*EXERCISE BRIEF*: The output should match, line for line, the records from the line containing "Vintage Halloween-Süsse in" through the line containing "金陽大街跨線橋工程是整個南部", with every picture left out.

╭─ SOURCE MATERIAL

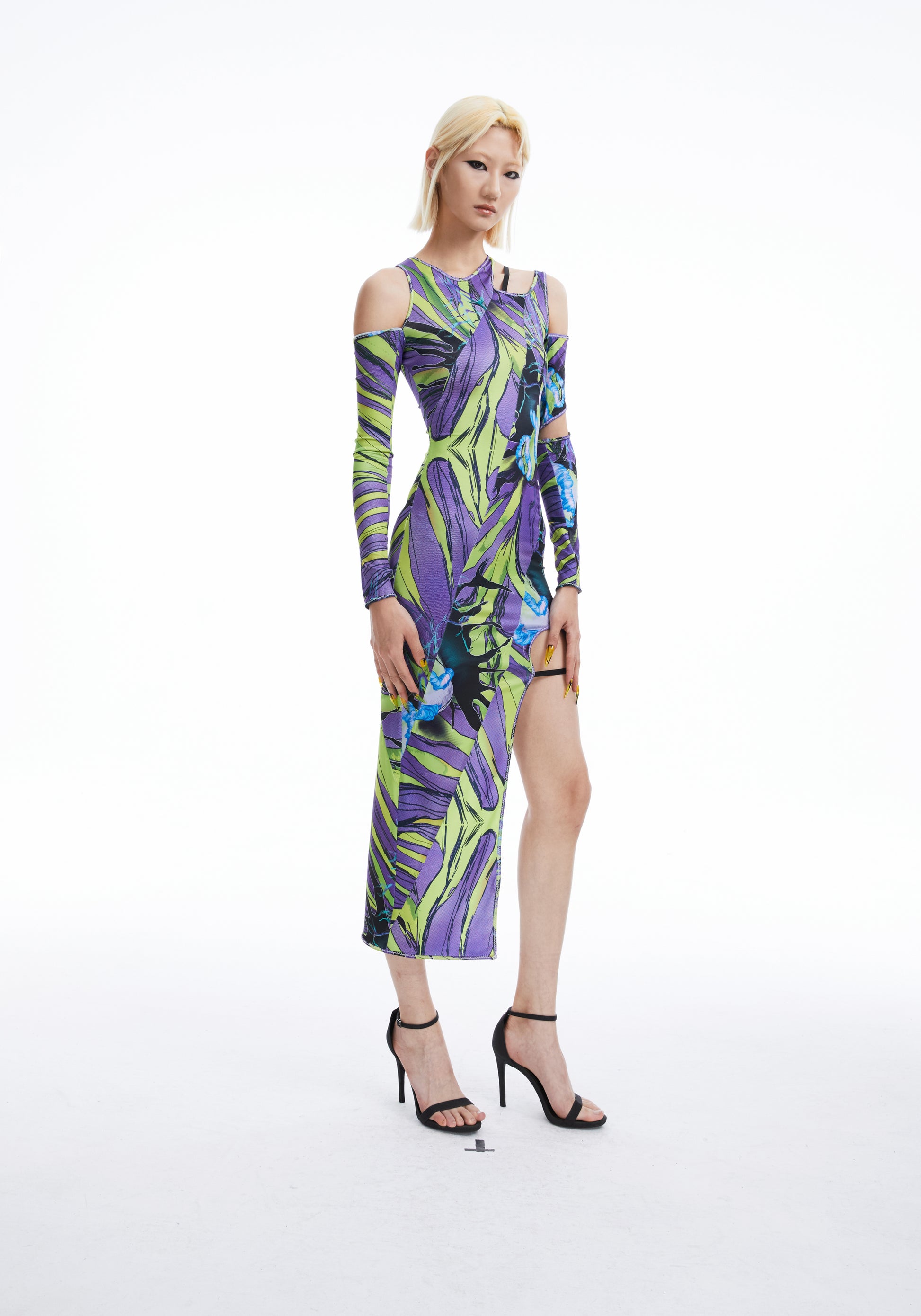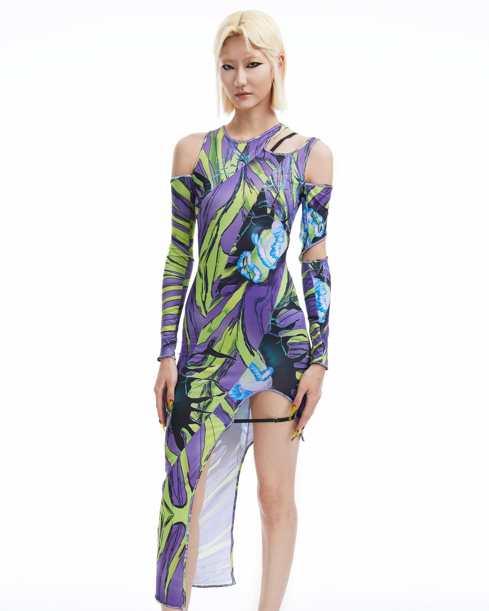 Monster lilac print cutout spandex stretch dress, cutout details on the shoulder and sleeves and left tight. elastic fit.
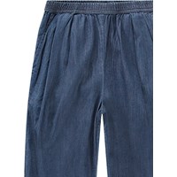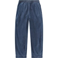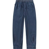 Denimblå bukser i økologisk bomuld. Bukserne har elastik i taljen, hvilket gør dem nemme at komme i og behagelige at have på. Der er også et læg fortil, som giver buksen fylde. Desuden har bukserne lommer i sidesømmen og indsyede snit i bunden, hvilket skaber en voluminøs effekt.
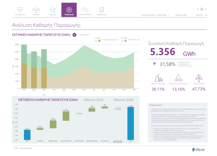 Η συνολική καθαρή παραγωγή έφτασε τις 5.356 GWh, αυξημένη κατά 31,58% σε ετήσια βάση, εξέλιξη που συνιστά μία από τις πιο ισχυρές μηνιαίες επιδόσεις των τελευταίων ετών.
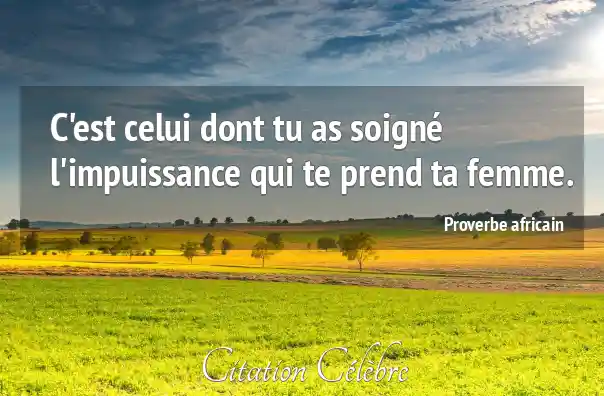 C'est celui dont tu as soigné l'impuissance qui te prend ta femme.
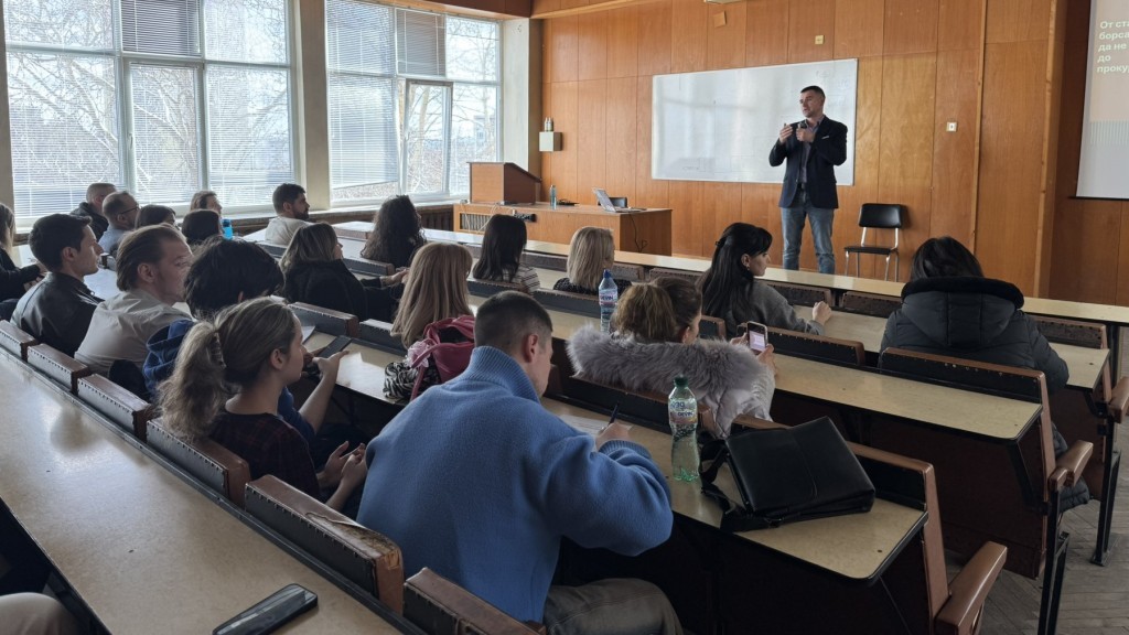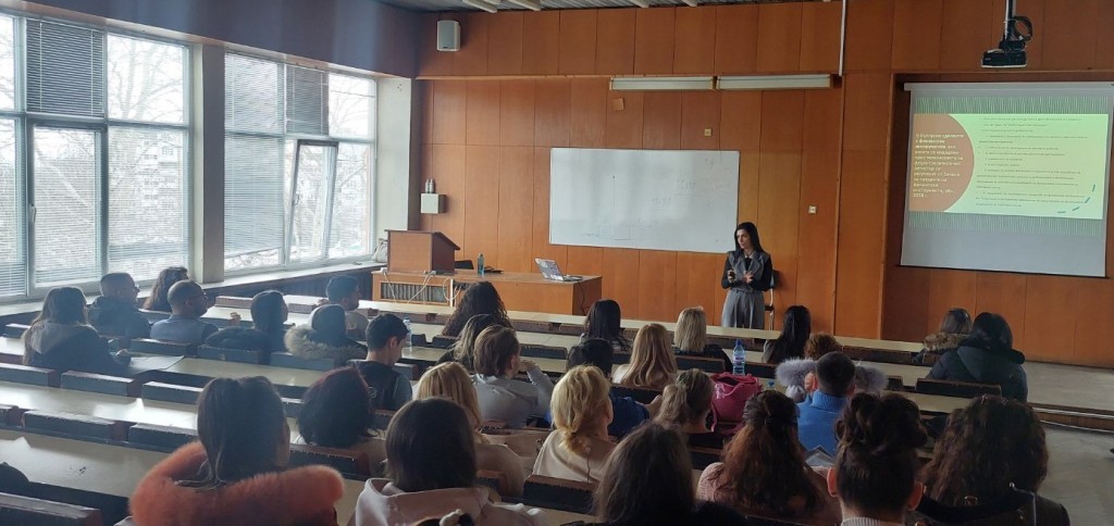 Присъстваха над 60 студенти от специалност „Стопанско управление“, както и няколко проявили интерес студенти от други специалности.
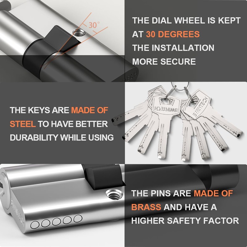 Bwintech 60 mm (30T/30) Nickel-Zinc Alloy Euro Cylinder Lock, Door Drum Lock, Key Key with 8 Horizontal Dimple Keys
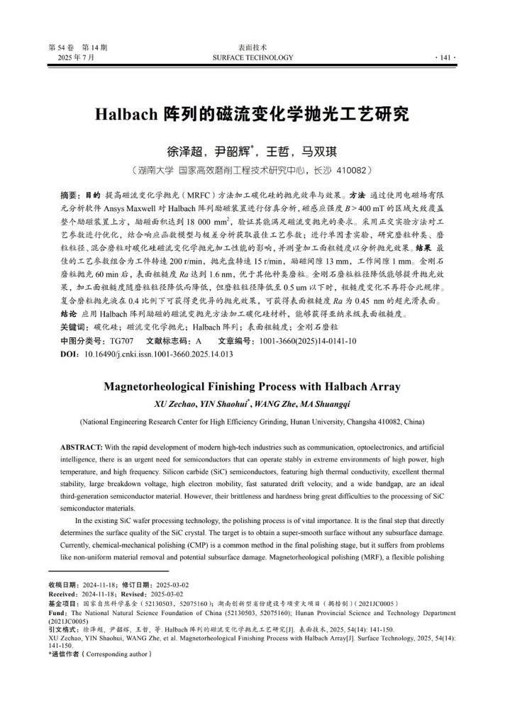 Halbach阵列的磁流变化学抛光工艺研究
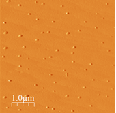 Figure3: AFM image of surface of GaAs QDs from the superlattice sample Fig 3 shows that the surface of GaAs QDs for this sample have high uniformity (99±3 nm) and areal density of 108 cm-2 .
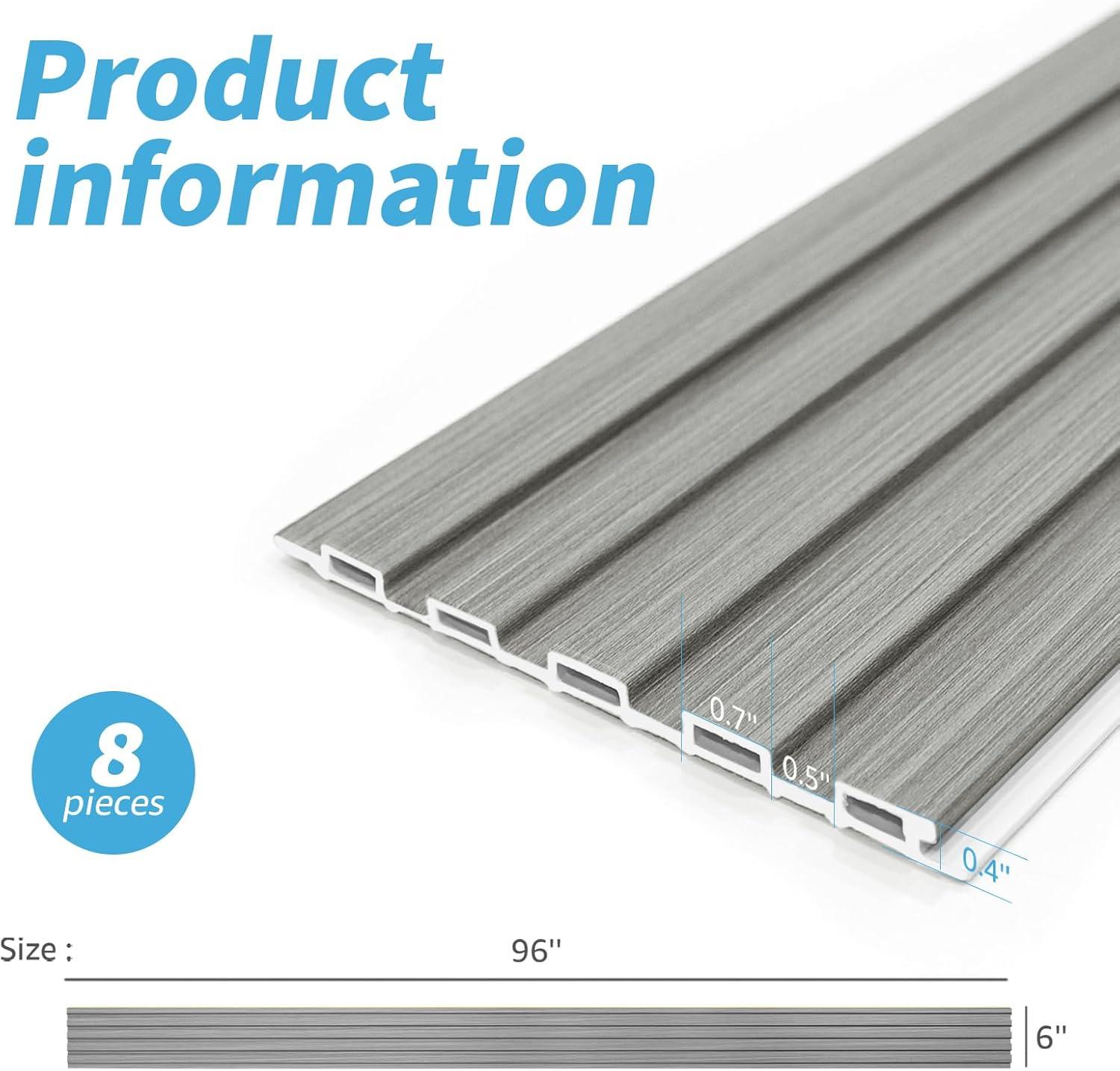 Art3d 8 Pack 96" x 6" WPC Slat Wall Panels, 3D Fluted Panel for Interior Wall Decor, TV Background, Bedroom, Living Room - Gray Oak(Gray Oak-Square)
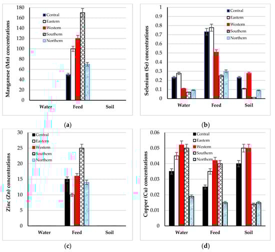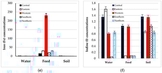 Trace mineral concentrations of (a) Mn, (b) Se, (c) Zn, (d) Cu, (e) Fe, and (f) iodine in drinking water (µg/mL), soil (ppb), and feed (µg/g) in five Saudi Arabia regions.
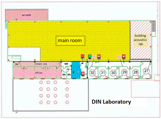The room chosen for the measurements, a laboratory of approximately 650 square metres (see the yellow area of the plan in Figure 1) used as a technical physics laboratory, certainly does not have the acoustic quality of a theatre. However, for the purposes of the analysis, the acoustic quality of the room was not relevant.
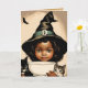 Vintage Halloween-Süsse in einem großen spitzen Hut mit zwei Kätzchen "Witching you a very Spuk Halloween!" ist ein lustiges Zitat mit einem alten textilen Hintergrund. Ideal für alle, die Lieben von Vintage-Bildern, Hexen, Katzen und Wortspielen.No5-Version bietet ein niedliches afroamerikanisches Kind . __________ Das Vintag-Look Bild wurde von Canva AI und Alma Wad, dem menschlichen Designer, erstellt.
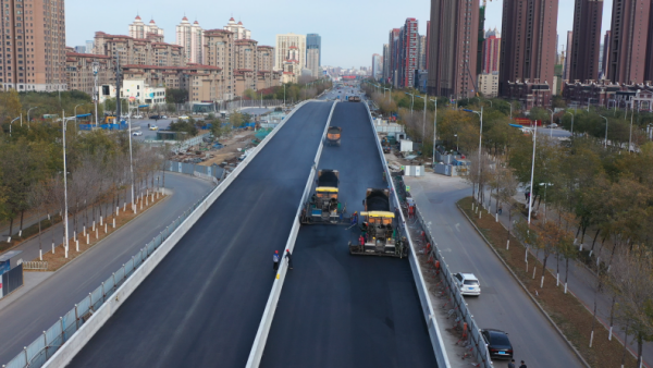 金陽大街跨線橋工程是整個南部快速路第一個完成瀝青攤鋪的工程,對整個工程乃至沈陽南部快速路工程來說都是一個重要節(jié)點。瀝青路面攤鋪完成后,將進行路面伸縮縫安裝、交通標(biāo)線施劃、隔音屏安裝等后續(xù)工作,預(yù)計在年底前金陽大街跨線橋工程將具備通車條件。
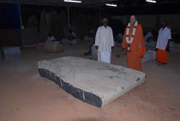 This stone is for the "Ya" step of Iraivan temple. The original carved step was done incorrectly--too small in a critical dimension, and has to be redone.
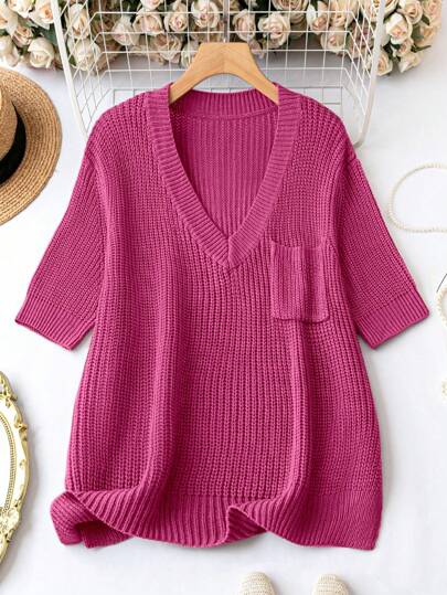 SHEIN LUNE Plus Size Women's Short Sleeve Knitted Top With Pocket - Hot Pink - View 1
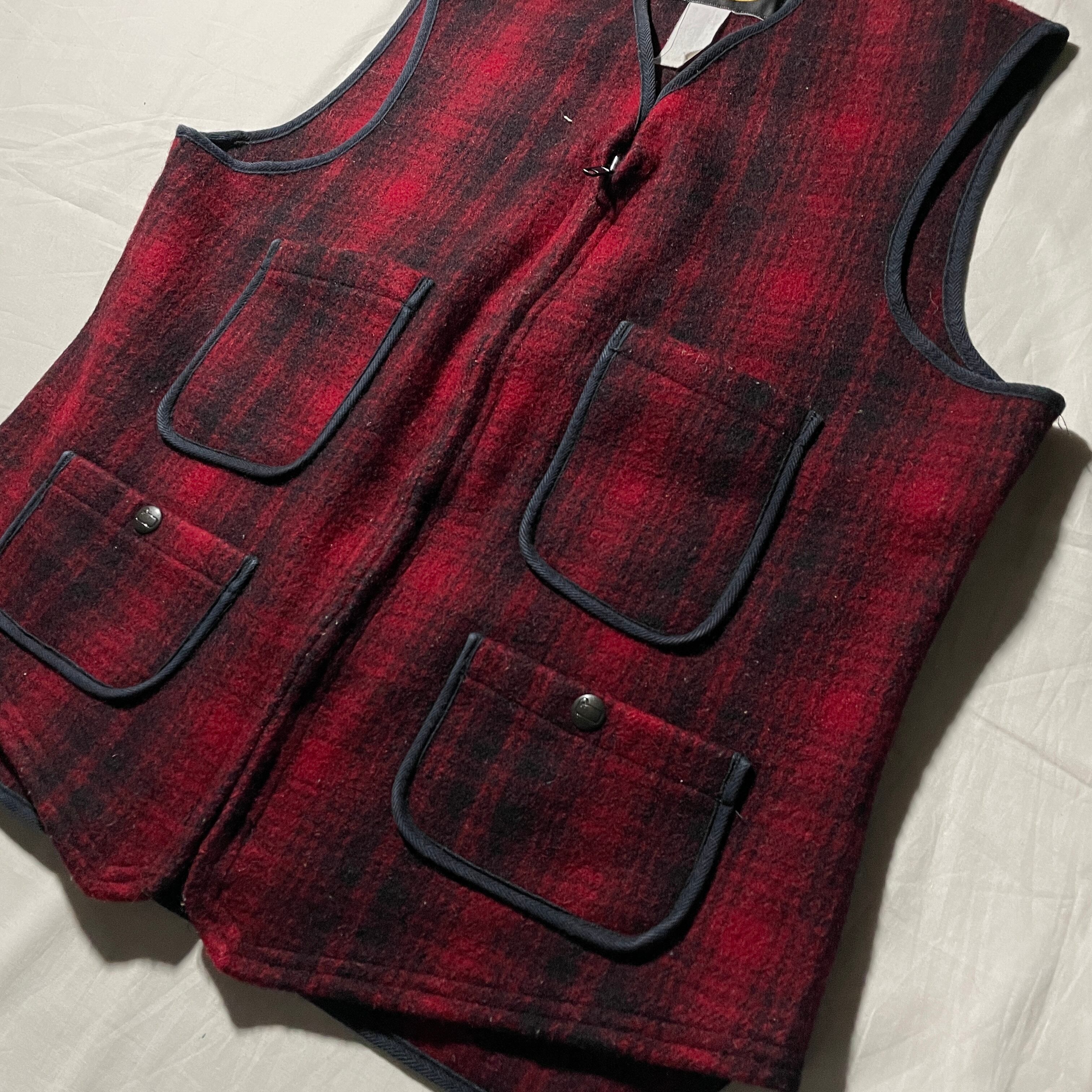90s woolrich ウールベスト オンブレチェック シンチバック
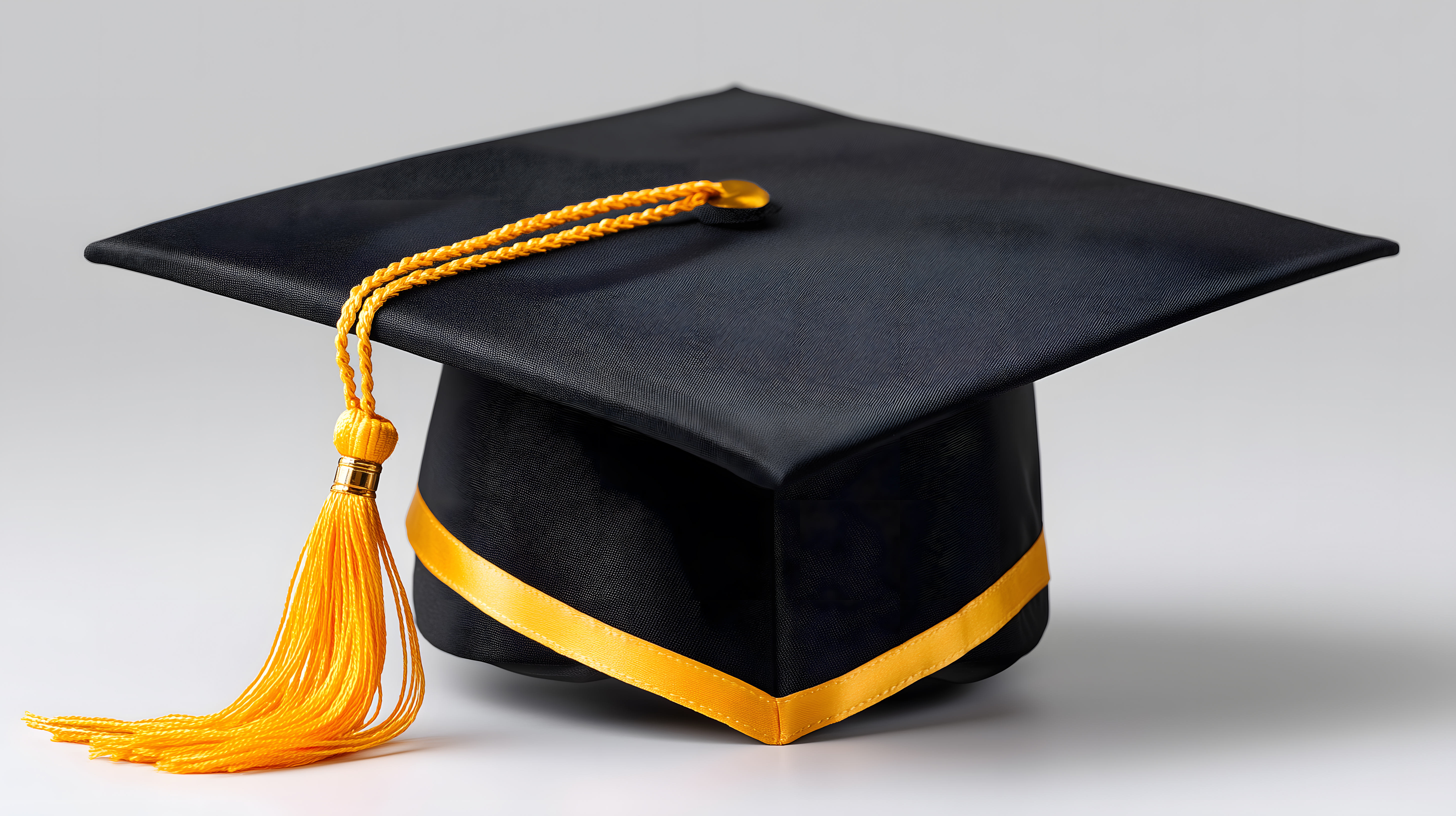 Das Bild zeigt eine Nahaufnahme eines schwarzen Doktorhuts mit einem gelben Quaste-Detail. Der Hut ist auf einer grauen Oberfläche platziert, was den Fokus auf das Hauptmotiv lenkt. Die Farbpalette beschränkt sich auf Schwarz, Gelb und verschiedene Grautöne, was einen edlen und akademischen Eindruck vermittelt.

╰─

*EXERCISE OUTPUT*:
 Vintage Halloween-Süsse in einem großen spitzen Hut mit zwei Kätzchen "Witching you a very Spuk Halloween!" ist ein lustiges Zitat mit einem alten textilen Hintergrund. Ideal für alle, die Lieben von Vintage-Bildern, Hexen, Katzen und Wortspielen.No5-Version bietet ein niedliches afroamerikanisches Kind . __________ Das Vintag-Look Bild wurde von Canva AI und Alma Wad, dem menschlichen Designer, erstellt.
 金陽大街跨線橋工程是整個南部快速路第一個完成瀝青攤鋪的工程,對整個工程乃至沈陽南部快速路工程來說都是一個重要節(jié)點。瀝青路面攤鋪完成后,將進行路面伸縮縫安裝、交通標(biāo)線施劃、隔音屏安裝等后續(xù)工作,預(yù)計在年底前金陽大街跨線橋工程將具備通車條件。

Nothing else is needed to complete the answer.